# Can anyone sex this bolivian ram?



## planter (Jun 9, 2008)

It's about 1 3/4" long


----------



## Guppymen (Jun 5, 2010)

Looks female or a very young fish to me .


----------



## jeanniebabie (Mar 1, 2015)

+1 guppymen leaning towards young male (reddish color rays and fins).
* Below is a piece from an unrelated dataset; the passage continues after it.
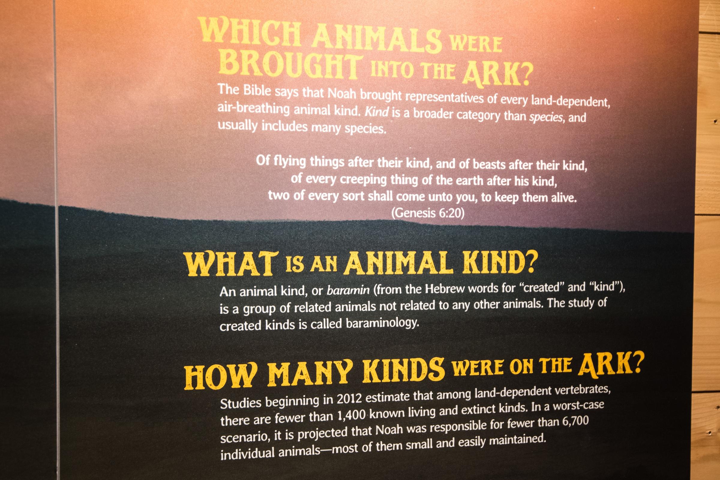 And that’s the point of this exercise. They already tell the Ark story, in extensive detail, at the Creation Museum, a mere forty-five minutes away, but here, they go well into the weeds, addressing the most minute details of how the Ark could have existed and how it could have supported a pair of every animal for more than a year with only eight human crew. It all starts with some funny math.

Sent from my SM-G920W8 using Tapatalk


----------



## Dis (Apr 16, 2010)

Females have a pink belly. Males do not. That's who I sex my german rams, I would like it's the same for bolivians


----------



## jeanniebabie (Mar 1, 2015)

Bolivians don't get pink bellies unfortunately. Males have extended/red tail and dorsal fin rays as well as they have a sharper rear facing genitalia. 
Females are duller in color with no extended rays in their fins and their genitalia are more rounded and downward facing


Sent from my SM-G920W8 using Tapatalk


----------



## jeanniebabie (Mar 1, 2015)

Pictures








Male








Female

This the pair with female in the front just starting to begin courtship for another spawn









I currently have them in their own 20 g with a batch of new wigglers. Exciting

Sent from my SM-G920W8 using Tapatalk


----------



## planter (Jun 9, 2008)

Great the pictures really helped thank you. I guess I'll have to wait until it grows out a little more to be sure.


----------